В течение последних двух месяцев царствования Павла I-го Петербург волнуем был разными неистовыми слухами, направлявшими публику на один предмет – ненависти к Павлу. Так, говорили и с великой утвердительностью, что Павел I-й намерен вскоре развестись с императрицей и жениться на Гагариной, что вся императорская фамилия развезется по монастырям, наследник посадится в крепость и объявятся наследниками трона будущие дети его от Гагариной. И что Семеновский полк за преданность нашу к наследнику разошлется по сибирским гарнизонам. Сии слухи производили свое действие в публике, которая никогда исследовать не любит, а, с жадностью хватая самый нелепый слух, ревностно распространяет оный. Так и было: умы распалялися, неудовольствие увеличивалося, и Павел I-й день ото дня становился ненавистнейшим тираном в глазах обитателей Петербурга; так достигал своей цели исполненный великого ума и хищности глава заговора противу императора Павла Петербургский военный губернатор граф Петр Алексеевич фон-дер-Пален.

Но в сие время и Павел I-й получал безымянные доносы о существовании заговора на жизнь его, чего при всей своей деятельности граф Пален отвратить не мог, но к кому государь должен был обратиться о исследовании сих доносов, как не к нему же, ибо в руках его сосредоточена была власть военная, гражданская и полицейская всей столицы, и которого Павел почитал преданнейшим себе человеком. Чтобы усыпить совершенно императора, граф Пален имел дерзость и бесстыдство сам донесть Павлу о существующем будто бы заговоре по безымянным доносам, и чтобы – для устрашения бдительностию правительства публики – не прикажет ли он, собрав офицеров гвардии, объявить им о всем. Павел I-й дал на сие хитрообдуманное и с присутствием духа произведенное действие свое согласие. Вследствие сего, дня за четыре до 12-го марта мы и были собраны все в дом графа Палена у Полицейского моста поутру до развода. По полном нашем съезде и по помещении нас в зале сего дома граф вышел к нам в полном мундире и, раскланявшись, сказал громким голосом: «Господа! До сведения государя императора доходит о существовании заговора в столице, но его величество надеется на вашу верность!» Последние слова произнес он с коварной улыбкой и, взглянув, не переменяя мины, на нас быстрыми глазами, поклонился и ушел в свои комнаты, а мы поехали по домам. Известно, что в заговоре противу Павла были и некоторые офицеры гвардии, и думать надо, что сверх усыпления [бдительности] Павла, сия сцена сделана была для их ободрения, показав им ясно и свою силу и неустрашимость. Но когда хитрость графа Палена торжествовала с одной стороны, то с другой – безымянные доносы повторялись не только Павлу I, но и любимцам его Нарышкину и Кутайсову. Последнему 11-го марта после полудня, как сказывали тогда, было даже подано письмо с именами заговорщиков, но он, не распечатав его, положил под подушку своей постели, намереваясь прочесть его поутру 12 числа. Все сии слухи делали то, что Нарышкин по званию своему начал проводить ночи не раздеваясь, употребляя все осторожности с своей стороны, но разведать о точности заговора сии придворные любимцы не имели средств, будучи окружены глазами умнейших людей того времени. Туча собиралась над головой Павла I-го, но он пребывал беспечен, надеясь на свою стражу и батареи замка.

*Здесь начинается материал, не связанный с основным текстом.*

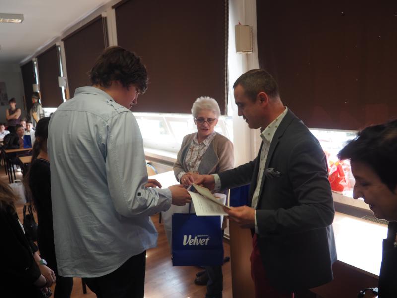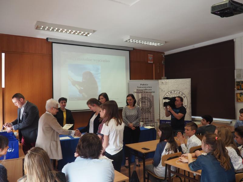 Wszyscy laureaci zostali nagrodzeni. Poza dyplomami, nagrodami były kostki Rubika, pakiety upominkowe z firmy Velvet zawierające m.in. pendrive, pakiety z Media Markt oraz publikacje ekologiczne i materiały promocyjne UM Dąbrowa Górnicza. Zawodnicy zwycięskich drużyn otrzymali również vouchery od firmy Polski Banan na hartowane szybki ochronne na smartfony. Każdy uczestnik otrzymał mapę przyrodniczą naszego miasta. Nagrody i gratulacje laureaci przyjęli z rąk pani wicedyrektor szkoły, Teresy Konieczniak.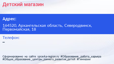 Детский, магазин по адресу 164520, Архангельская область, Северодвинск, Первомайская, 18 в дальнейшем Организация, размещена в следующих категориях:

11-е число марта 1801 года, или последний день жизни Павла 1-го

В сей день развод был, по обыкновению, в Михайловском замке в 9 часов, и Павел I-й находился при оном в совершенном здоровье, но только был очень сердит и весьма прогневался на сменявшийся караул нашего полка 2-го батальона и кричал на шефа оного генерала Мозавского, а наследнику сказал: «Вашему высочеству свиньями надо командовать, а не людьми». Я заметил, что великий князь вместо того, чтобы, по обыкновению своему, сделать поклон государю, отвратился от него и закусил губу. Не знаю, заметил ли это Павел, ибо это было в углу замка, но мы все это видели.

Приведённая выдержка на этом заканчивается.